[Material supplied Boundary: Start]
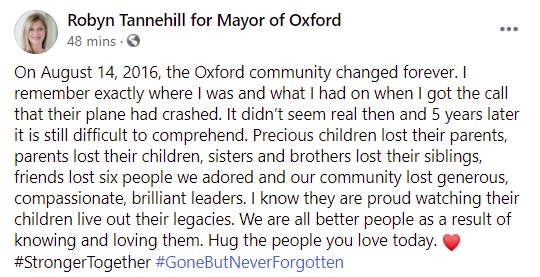 Five years ago Oxford was stunned and saddened by the news of a downed airplane with six Oxonians on board.
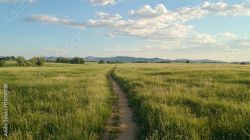 Path through verdant grassland leading to distant mountains under soft sky
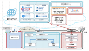 既存のローカルブレイクアウト型の学習系ネットワークに校務系を統合しアクセス制御を前提としたゼロトラスト環境を構築。通信回線は各拠点で2回線利用を基本とする。校務支援システムはパブリッククラウド上で運用し、保護者連絡・デジタル採点等各種システムもフルクラウド化する。
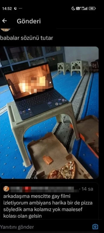 Paylaşımda, “Arkadaşıma mescitte gay filmi izletiyorum, ambiyans harika. Bir de pizza söyledik ama kolamız yok, maalesef. Kolası olan gelsin” ifadeleri yer aldı. Söz konusu paylaşım sosyal medyada hızla yayılırken, olay kamuoyunda infiale yol açtı.
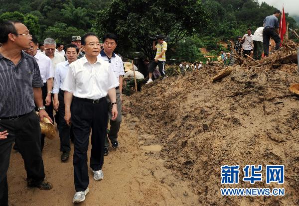 6月19日至20日,中共中央政治局常委、國務(wù)院總理溫家寶來到廣西梧州市,實(shí)地察看汛情、災(zāi)情,慰問奮戰(zhàn)在抗洪救災(zāi)一線的干部群眾,主持召開會議,部署防汛抗洪救災(zāi)工作。這是6月20日,溫家寶總理冒雨來到大山深處的蒼梧縣沙頭鎮(zhèn)雙尚村杉木坪自然村,察看因山體滑坡、泥石流造成的災(zāi)情。新華社記者李濤攝
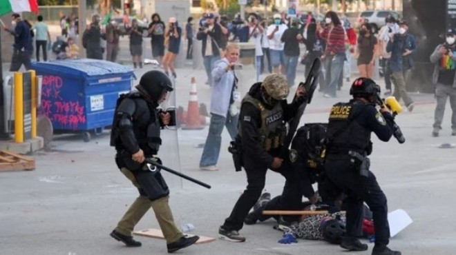 Los Angeles'ta yüzlerce gösterici, kentin çeşitli bölgelerinde düzensiz göçmenlere karşı operasyonlar düzenleyen Gümrük Muhafaza Dairesi (ICE) ekiplerine karşı protesto başlatmıştı. (AA)
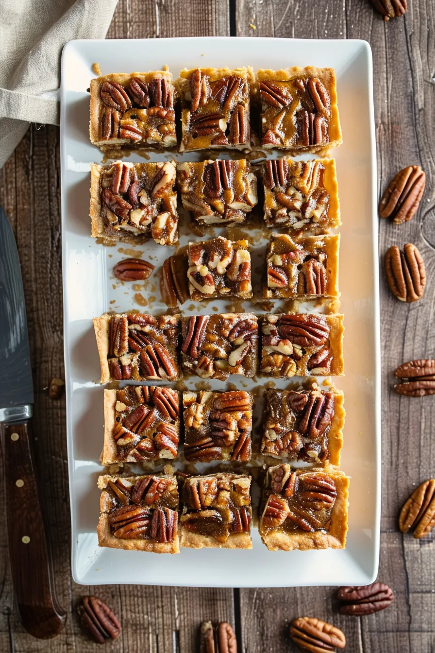 Serve your pecan pie bars on a beautiful platter dusted with powdered sugar for an elegant holiday presentation. This simple touch makes them look bakery-quality.
[Material supplied Boundary: End]
_Task statement_
From the line containing "Los Angeles'ta yüzlerce" to the last line of the records, inclusive, output the lines exactly as written and nothing else; leave out the pictures.

_Reply_
 Los Angeles'ta yüzlerce gösterici, kentin çeşitli bölgelerinde düzensiz göçmenlere karşı operasyonlar düzenleyen Gümrük Muhafaza Dairesi (ICE) ekiplerine karşı protesto başlatmıştı. (AA)
 Serve your pecan pie bars on a beautiful platter dusted with powdered sugar for an elegant holiday presentation. This simple touch makes them look bakery-quality.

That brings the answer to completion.